◆ PROBLEM TO SOLVE: Copy the entries below verbatim, omitting any pictures they contain.

*** Opening of THE DATA ***

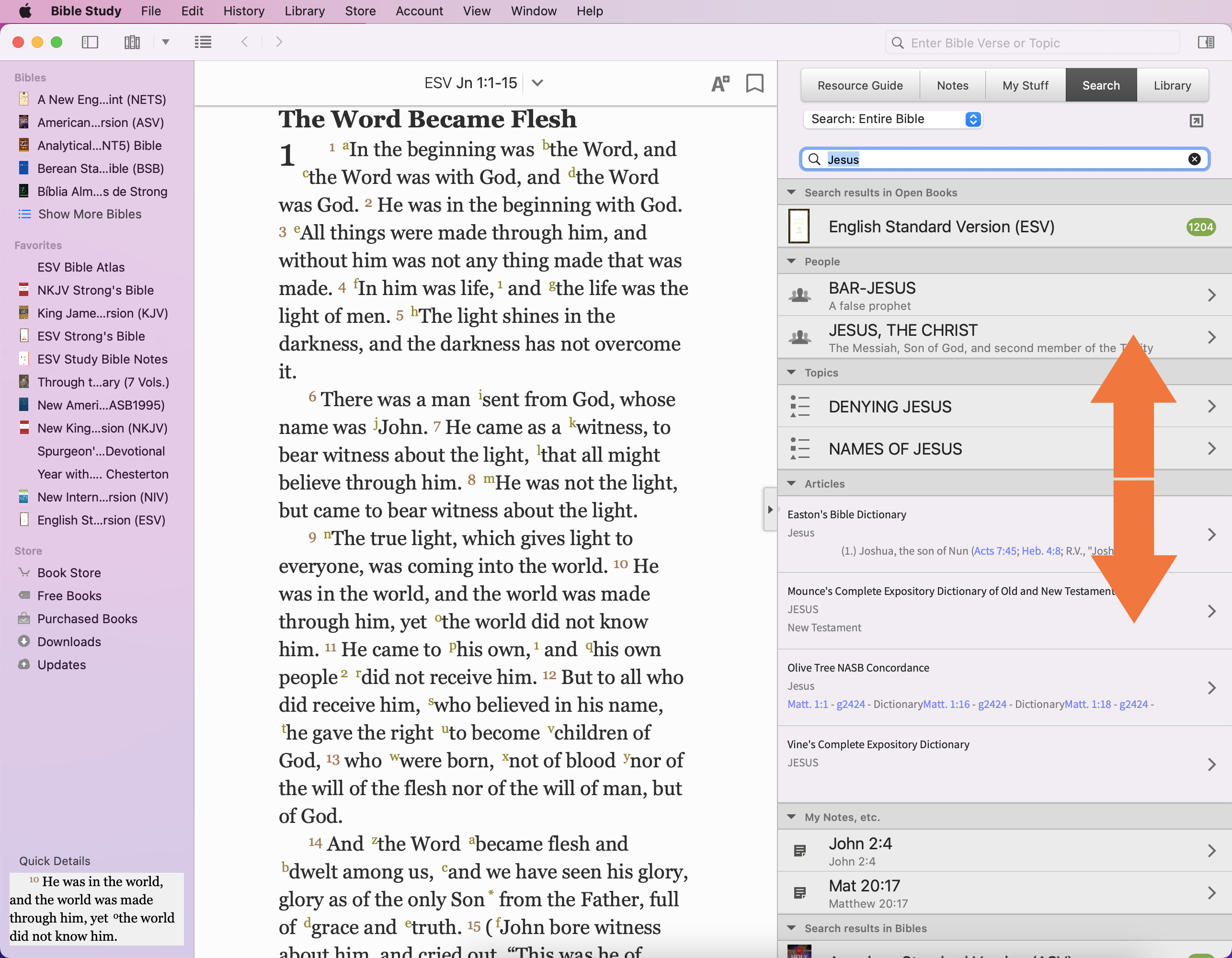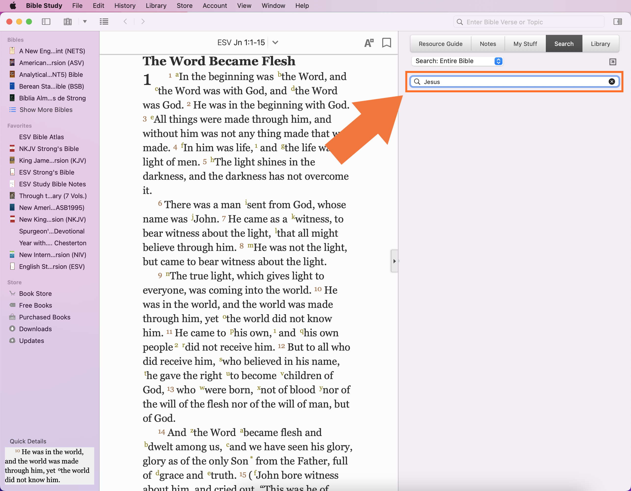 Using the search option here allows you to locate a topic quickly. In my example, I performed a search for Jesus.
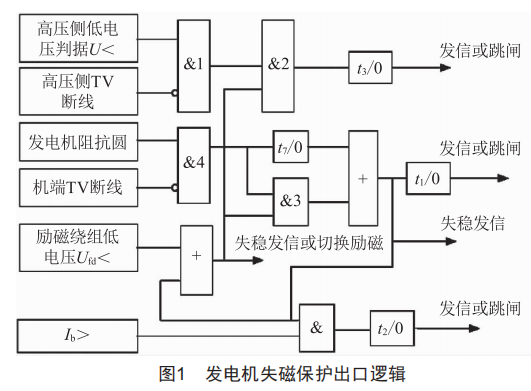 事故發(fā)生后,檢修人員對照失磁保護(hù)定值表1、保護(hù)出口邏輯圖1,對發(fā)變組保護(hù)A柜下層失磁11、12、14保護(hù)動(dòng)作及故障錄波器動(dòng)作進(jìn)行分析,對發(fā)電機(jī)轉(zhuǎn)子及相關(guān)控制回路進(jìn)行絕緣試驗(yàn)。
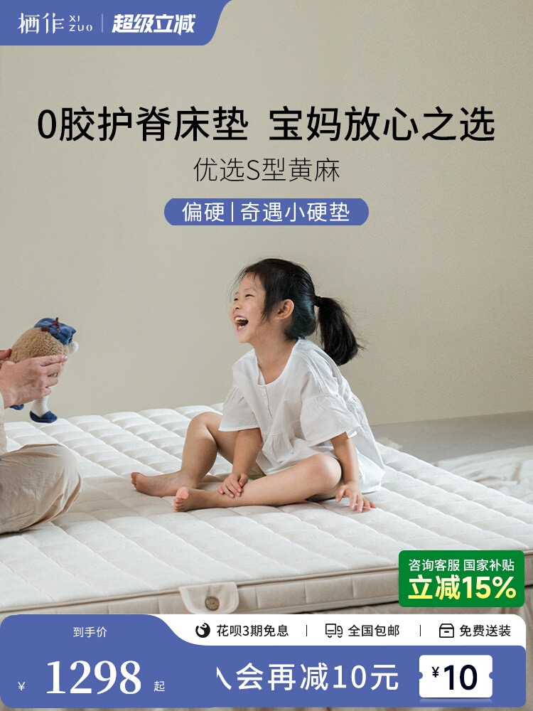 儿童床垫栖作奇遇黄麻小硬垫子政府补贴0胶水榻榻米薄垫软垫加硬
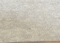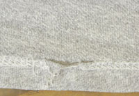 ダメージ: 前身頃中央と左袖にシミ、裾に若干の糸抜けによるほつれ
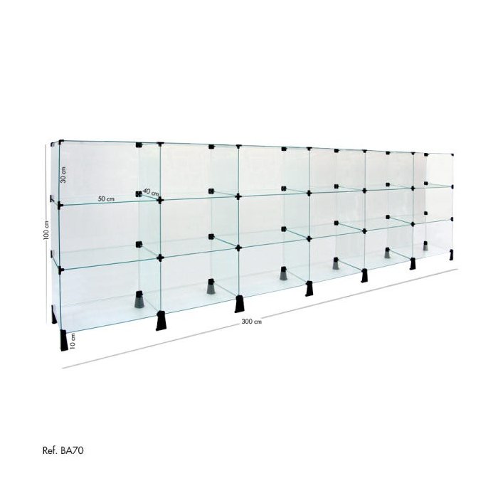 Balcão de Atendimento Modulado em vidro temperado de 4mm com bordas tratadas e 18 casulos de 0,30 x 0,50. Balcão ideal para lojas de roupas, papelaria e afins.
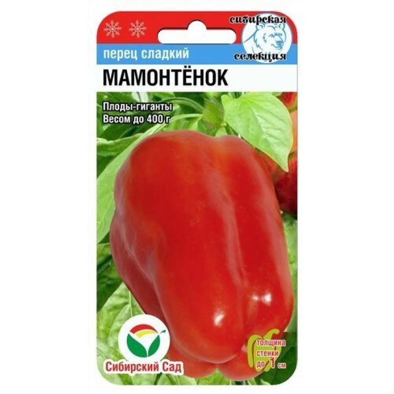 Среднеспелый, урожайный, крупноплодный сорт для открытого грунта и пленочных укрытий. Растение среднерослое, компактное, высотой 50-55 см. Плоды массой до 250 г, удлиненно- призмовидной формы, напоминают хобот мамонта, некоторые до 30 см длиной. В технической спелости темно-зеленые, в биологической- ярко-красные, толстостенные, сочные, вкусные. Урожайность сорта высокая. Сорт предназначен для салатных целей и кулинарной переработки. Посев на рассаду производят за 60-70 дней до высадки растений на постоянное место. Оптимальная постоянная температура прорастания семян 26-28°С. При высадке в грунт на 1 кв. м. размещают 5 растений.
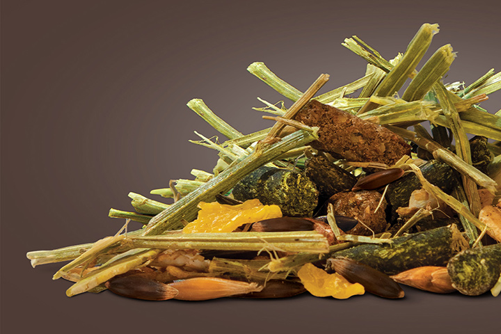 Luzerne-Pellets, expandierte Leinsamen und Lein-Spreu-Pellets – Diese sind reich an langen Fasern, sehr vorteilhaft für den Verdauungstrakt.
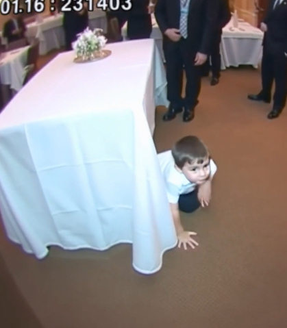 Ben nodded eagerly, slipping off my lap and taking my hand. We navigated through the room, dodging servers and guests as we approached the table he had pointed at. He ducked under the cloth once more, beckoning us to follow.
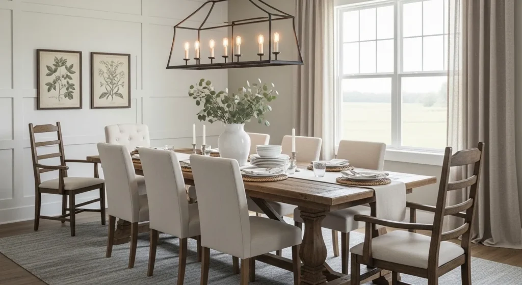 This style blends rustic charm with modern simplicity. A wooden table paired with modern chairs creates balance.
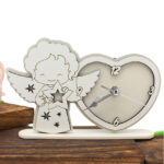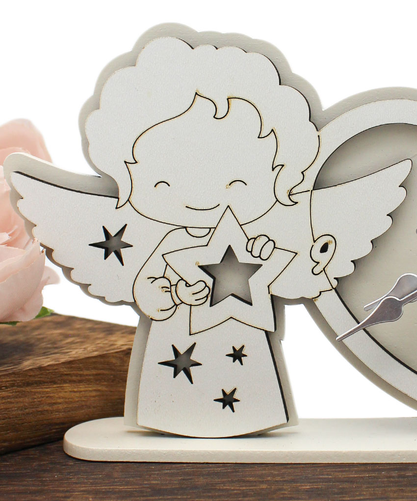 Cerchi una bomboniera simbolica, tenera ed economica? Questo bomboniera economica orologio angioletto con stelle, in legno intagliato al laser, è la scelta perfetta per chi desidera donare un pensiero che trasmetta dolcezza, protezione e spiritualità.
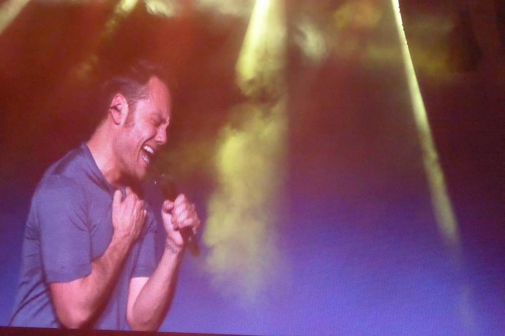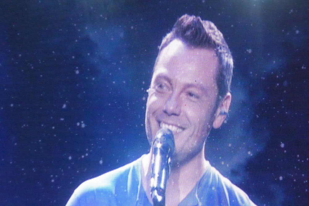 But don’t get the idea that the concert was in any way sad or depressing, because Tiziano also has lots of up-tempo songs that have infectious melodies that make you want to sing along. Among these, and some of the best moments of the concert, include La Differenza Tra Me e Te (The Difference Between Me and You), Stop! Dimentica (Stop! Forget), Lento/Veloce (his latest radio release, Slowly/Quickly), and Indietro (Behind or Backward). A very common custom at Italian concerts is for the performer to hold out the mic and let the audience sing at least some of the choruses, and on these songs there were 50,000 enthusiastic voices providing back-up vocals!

*** Close of THE DATA ***

◆ WRITTEN RESPONSE:
 Using the search option here allows you to locate a topic quickly. In my example, I performed a search for Jesus.
 事故發(fā)生后,檢修人員對照失磁保護(hù)定值表1、保護(hù)出口邏輯圖1,對發(fā)變組保護(hù)A柜下層失磁11、12、14保護(hù)動(dòng)作及故障錄波器動(dòng)作進(jìn)行分析,對發(fā)電機(jī)轉(zhuǎn)子及相關(guān)控制回路進(jìn)行絕緣試驗(yàn)。
 儿童床垫栖作奇遇黄麻小硬垫子政府补贴0胶水榻榻米薄垫软垫加硬
 ダメージ: 前身頃中央と左袖にシミ、裾に若干の糸抜けによるほつれ
 Balcão de Atendimento Modulado em vidro temperado de 4mm com bordas tratadas e 18 casulos de 0,30 x 0,50. Balcão ideal para lojas de roupas, papelaria e afins.
 Среднеспелый, урожайный, крупноплодный сорт для открытого грунта и пленочных укрытий. Растение среднерослое, компактное, высотой 50-55 см. Плоды массой до 250 г, удлиненно- призмовидной формы, напоминают хобот мамонта, некоторые до 30 см длиной. В технической спелости темно-зеленые, в биологической- ярко-красные, толстостенные, сочные, вкусные. Урожайность сорта высокая. Сорт предназначен для салатных целей и кулинарной переработки. Посев на рассаду производят за 60-70 дней до высадки растений на постоянное место. Оптимальная постоянная температура прорастания семян 26-28°С. При высадке в грунт на 1 кв. м. размещают 5 растений.
 Luzerne-Pellets, expandierte Leinsamen und Lein-Spreu-Pellets – Diese sind reich an langen Fasern, sehr vorteilhaft für den Verdauungstrakt.
 Ben nodded eagerly, slipping off my lap and taking my hand. We navigated through the room, dodging servers and guests as we approached the table he had pointed at. He ducked under the cloth once more, beckoning us to follow.
 This style blends rustic charm with modern simplicity. A wooden table paired with modern chairs creates balance.
 Cerchi una bomboniera simbolica, tenera ed economica? Questo bomboniera economica orologio angioletto con stelle, in legno intagliato al laser, è la scelta perfetta per chi desidera donare un pensiero che trasmetta dolcezza, protezione e spiritualità.
 But don’t get the idea that the concert was in any way sad or depressing, because Tiziano also has lots of up-tempo songs that have infectious melodies that make you want to sing along. Among these, and some of the best moments of the concert, include La Differenza Tra Me e Te (The Difference Between Me and You), Stop! Dimentica (Stop! Forget), Lento/Veloce (his latest radio release, Slowly/Quickly), and Indietro (Behind or Backward). A very common custom at Italian concerts is for the performer to hold out the mic and let the audience sing at least some of the choruses, and on these songs there were 50,000 enthusiastic voices providing back-up vocals!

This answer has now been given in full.